BRIEF
For this exercise, return only the lines in the records below from the one holding "Close up of" through the one holding "- Редактирование метаданных, таких", including both, exactly as they appear and without pictures.

INPUT FOR THIS TASK
Content starts

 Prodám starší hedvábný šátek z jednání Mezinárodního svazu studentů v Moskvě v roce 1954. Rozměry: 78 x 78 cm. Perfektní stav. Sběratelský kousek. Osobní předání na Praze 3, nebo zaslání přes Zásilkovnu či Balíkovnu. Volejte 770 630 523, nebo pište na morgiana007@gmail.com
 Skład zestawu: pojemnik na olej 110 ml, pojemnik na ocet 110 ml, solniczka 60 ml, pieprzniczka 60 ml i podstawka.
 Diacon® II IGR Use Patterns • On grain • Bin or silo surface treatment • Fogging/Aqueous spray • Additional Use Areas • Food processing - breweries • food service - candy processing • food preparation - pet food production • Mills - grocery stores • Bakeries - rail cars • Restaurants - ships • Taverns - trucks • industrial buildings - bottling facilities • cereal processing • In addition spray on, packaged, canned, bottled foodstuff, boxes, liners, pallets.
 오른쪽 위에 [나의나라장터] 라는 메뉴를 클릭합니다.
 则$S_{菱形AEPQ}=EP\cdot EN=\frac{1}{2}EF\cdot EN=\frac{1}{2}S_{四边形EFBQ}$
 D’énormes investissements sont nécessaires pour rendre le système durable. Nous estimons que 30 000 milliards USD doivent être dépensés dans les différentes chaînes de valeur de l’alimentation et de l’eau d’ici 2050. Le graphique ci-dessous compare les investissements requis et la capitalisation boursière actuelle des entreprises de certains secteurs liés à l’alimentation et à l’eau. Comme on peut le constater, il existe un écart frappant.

Content ends
Content starts

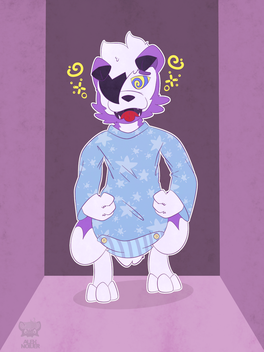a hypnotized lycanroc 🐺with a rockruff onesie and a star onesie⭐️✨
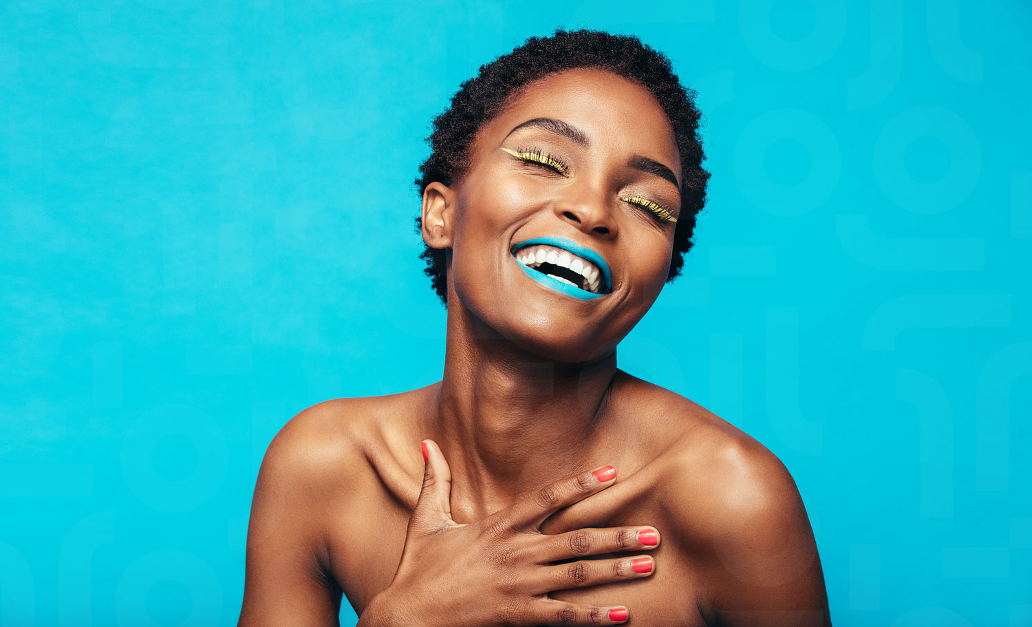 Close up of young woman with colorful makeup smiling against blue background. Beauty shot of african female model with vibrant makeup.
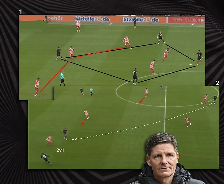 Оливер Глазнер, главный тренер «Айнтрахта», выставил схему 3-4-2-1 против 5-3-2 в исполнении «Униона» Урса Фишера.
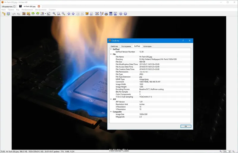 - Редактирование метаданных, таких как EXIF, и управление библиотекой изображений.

Content ends
Content starts

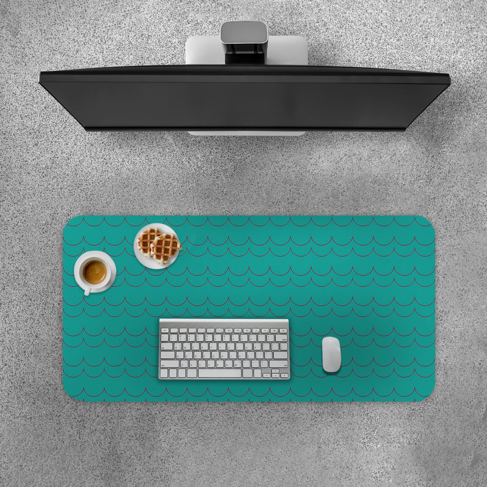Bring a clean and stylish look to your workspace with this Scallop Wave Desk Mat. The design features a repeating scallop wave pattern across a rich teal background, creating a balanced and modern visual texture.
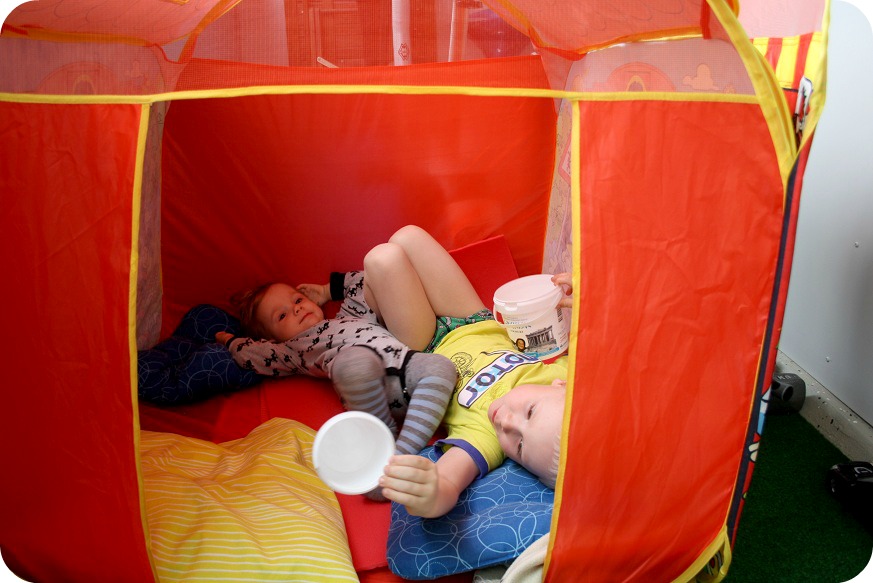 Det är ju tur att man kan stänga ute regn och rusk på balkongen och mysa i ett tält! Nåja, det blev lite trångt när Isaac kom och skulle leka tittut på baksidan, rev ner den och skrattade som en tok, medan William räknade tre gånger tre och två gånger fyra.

Content ends

TASK RESPONSE
 Close up of young woman with colorful makeup smiling against blue background. Beauty shot of african female model with vibrant makeup.
 Оливер Глазнер, главный тренер «Айнтрахта», выставил схему 3-4-2-1 против 5-3-2 в исполнении «Униона» Урса Фишера.
 - Редактирование метаданных, таких как EXIF, и управление библиотекой изображений.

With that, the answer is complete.